Friday, 26 December 2008

A Walk From Bedford Street To Botanic Avenue

Since Christmas Day was spent lounging at home - eating, drinking and watching television - I decided to drive into Belfast. Not to do any shopping, I hasten to add. The purpose of this outing was for some stimulation, fresh air and exercise.

I parked close to the Ulster Hall on Bedford Street. It looks as if there is some work still to be done at the Ulster Hall, on the exterior at least, before it re-opens in March, 2009. I crossed the street and walked up Clarence Street West, a small street which now boasts a large, new hotel called the Park Inn. The hotel itself looked empty of residents; not surprising, since it has only just opened its doors.

Ambling back to Bedford Street, I turned right towards Dublin Road. I see that the Burger King restaurant at the cinema is now closed down. There is a Tesco Express supermarket at the corner of Hartington Street, possibly where the Christopher Wray Lighting Emporium formerly stood.

At the start of Botanic Avenue, beside Shaftesbury Square, I glanced over at the place where I used to work - my very first posting in the Bank, in fact - at 9-11 Botanic Avenue. It has been converted into two shop units now.

Continuing my walk along Botanic Avenue, I came to its junction with University Street. This is a long street, stretching from Ormeau Road to University Road. I had a look at Renshaw's Hotel, which is beside Fitzroy Presbyterian Church. Renshaw's is in the process of renovation, with an extension at the rear which shall double it in size. Shaftesbury House College was formerly here.

Duke's Hotel, at 65 University Street, is also being completely renovated. The health and social services used to have offices at this site.

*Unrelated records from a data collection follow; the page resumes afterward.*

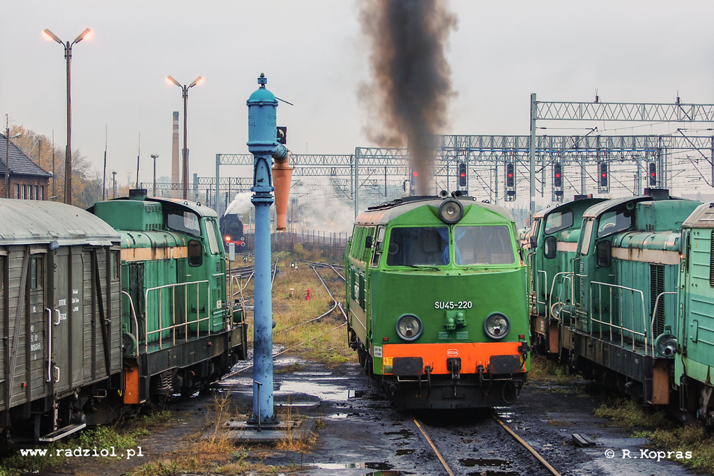 Senny poranek na terenie lokomotywowni przy stacji Poznań Główny. Z porannym pociągiem osobowym z Wolsztyna przyjechał tego dnia parowóz Ok22-31. Przed obróceniem go na obrotnicy zazwyczaj uzupełniano zapas wody w tendrze. Niestety na torze pod żurawiem tego dnia odstawiono SU45-220. Maszynista parowozu przespacerował się więc do dyspozytora i po krótkiej chwili pojawił się dyżurujący na „depo” maszynista spalinowy, by przestawić lokomotywę na inny tor. Silnik „Fiata” wkrótce ożył wydając charakterystyczny dźwięk przy starcie, po czym maszyna powoli ruszyła, zatrzymując się przed każdym rozjazdem, gdyż mechanik sukcesywnie układał sobie drogę w kierunku parowozu. Po dojeździe do niego zmienił kabinę i ustawił się na torze obok, tym samym zwalniając drogę dla Ok22. Ten po zmianie ułożenia jednego rozjazdu mógł w końcu podjechać pod żuraw wodny i rozpocząć wodowanie. Ja zaś schowałem aparat do torby i wróciłem do swojej pracy.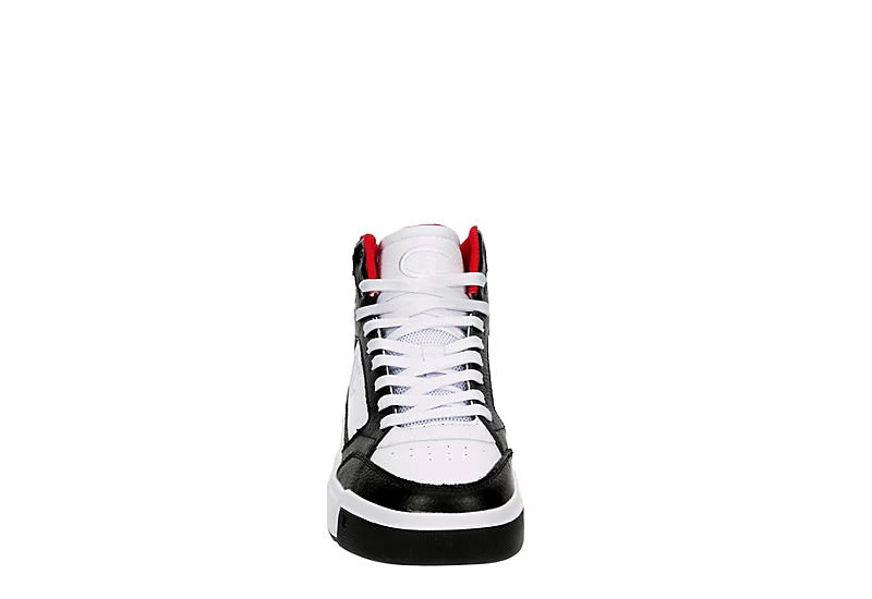 Get a trendy look for the court with the Drome Ventor Mid men’s sneaker from Champion. With a faux leather upper featuring a padded collar & tongue and an embroidered Champion script logo on the heel, this lace-up sneaker is a must-have addition to your wardrobe. The removable cushioned insole comforts your feet, while the sculpted rubber outsole provides excellent traction.Â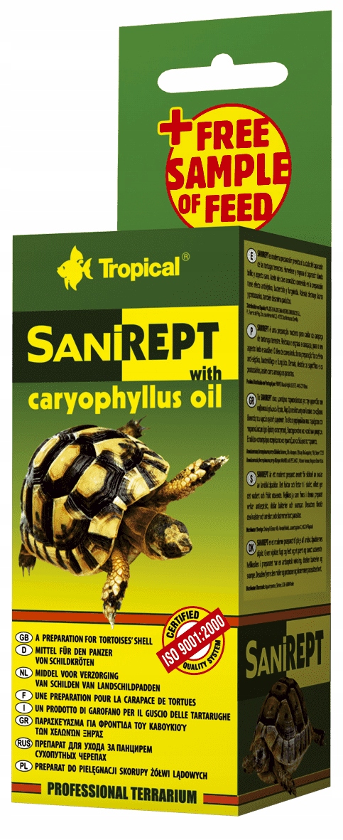 SANIREPT препарат с гвоздичным маслом для ухода за панцирем черепах. Панцирь черепахи – зеркало ее состояния. Неправильное питание, дефицит витаминов и минералов, а также проблемы с почками приводят к необратимым деформациям брони. Таким образом, уход за панцирем черепахи включает в себя множество факторов. Животным должны быть обеспечены соответствующие условия содержания (просторный и чистый террариум, соответствующая влажность, температура и освещение), а также разнообразный и сбалансированный рацион, богатый кальцием и витамином D3. Скорлупу следует содержать в чистоте. После каждого купания черепах рекомендуем смазывать их панцири средством САНИРЕПТ с экстрактом гвоздики. Скорлупа приобретет красивый блеск и здоровый вид. Содержащееся в препарате гвоздичное масло оказывает антисептическое действие, отпугивает паразитов и ограничивает развитие клещей и простейших.

At last I arrived at my destination: Molly's Yard. It's at College Green Mews, although its main entrance seems to be on Botanic Avenue. This building housed the stables and coach-house for College Green House around the corner. By the way, College Green House has an interesting history itself; and has recently been sympathetically restored. Molly's was closed; I did have a look at the menu, though. I'm afraid the combination of poor daylight and my modest camera mean that the December menu, on the right, cannot be perused!

I crossed the street and ambled up University Street again, towards University Road. It's a bit disappointing to see so many terraces with an air of neglect along this road. This ought not to be the case, since it is a relatively prosperous area. I imagine the decrepit buildings will be restored eventually, should the landlords so wish it. A number of them seem derelict, with filthy facades, broken windows and overgrown frontages. Fine Georgian houses, utterly neglected and unloved.

Sections of Upper Crescent and Lower Crescent aren't much better. These Regency-style streets, with a nice little park, or green, in the middle would otherwise be among the finest in Belfast, architecturally speaking. I think so anyway. This is one of my favourite parts of Belfast; I like the architecture and buildings here.

So I came full-circle. It was a pleasurable stroll.